Die Mutter von nebenan weinte nie. Und jedes Mal, wenn sie Tina sah, lächelte sie. Wenn sie sprach, dann waren ihre Worte immer liebevoll. Jeden Tag nahm sie Tina in den Arm und gab ihr einen Kuss, manchmal mehr als einen und manchmal sogar mehr als zwei. Tina hatte den ganzen strahlend schönen Sommer in atemloser Vorfreude auf dieses Ritual verbracht.

Die Kinder von nebenan waren nur ein fadenscheiniger Vorwand für ihre Besuche drüben. Barby verachtete sie, weil es Jungs waren, die sie an den Zöpfen zogen, und Muffin schlug mit den Fäusten nach ihnen, wenn sie ihre Puppen außer Reichweite über ihr herumschwenkten und sie zwangen, bitte zu sagen. Aber Tina tat so, als mache es Spaß, mit Jungs zu spielen, obwohl sie schreckliche Angst bekam, wenn sie grob mit ihr umsprangen.

Der Weg zum Himmel war nicht immer leicht, aber das Ziel war alle Beulen und blauen Flecke wert. Denn dann kam die Mutter von nebenan und tröstete einen. Sie war weich und rund. Sich an sie zu schmiegen war ein ganz anderes Gefühl als bei Daddy. Ein Gefühl der Sicherheit, als könne sie so tief in diese warme, atmende Weichheit versinken, dass sie für immer vor allem, was ihr Angst machte, geborgen wäre.

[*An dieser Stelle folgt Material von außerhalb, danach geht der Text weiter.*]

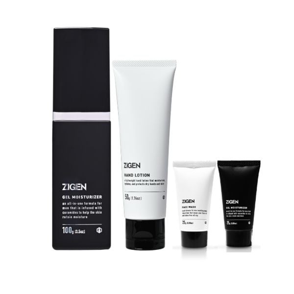 乾燥しがちな手と顔を同時にケアできる。Aセットでご紹介したハンドクリームに加え、化粧水・美容液・乳液・クリームを1本に凝縮したオールインワンタイプの保湿ジェルがセットに。オールインワンフェイスジェルは12月初旬にさらに使いやすく、スタイリッシュな容器に進化します。圧倒的な保湿力と持続力を兼ね備え、長年の間ZIGENのNo.1商品。敏感肌の方も使えるよう徹底した7つの低刺激処方もこだわりの一つ。どちらもアイテムも保湿の王様「ヒト型セラミド」配合で、保湿力は抜群。

Die Mutter von nebenan sagte, Tina sei genau das kleine Mädchen, das sie sich immer gewünscht hätte, bis sie schließlich den Versuch aufgab, selbst eine Tochter zu bekommen. Es war offensichtlich, dass Jungs nicht das waren, was sie sich wünschte. Wenn sie die Jungs umarmte, kicherten die albern und wanden sich von ihr los. Nicht so Tina. Sie stand ganz still, stumm und geschmeidig. Ab und zu bekam Tina sogar einen Extrakuss aus dem Liebesfonds, einen, der bei den Jungs keinen Abnehmer fand.

Ja, die Mutter von nebenan hatte Tina gefunden. Sonderbar, wie die Dinge sich entwickelten. Wunderbar, wie die Dinge sich entwickelten. Noch nie hatte es einen Sommer gegeben, der so verheißungsvoll war.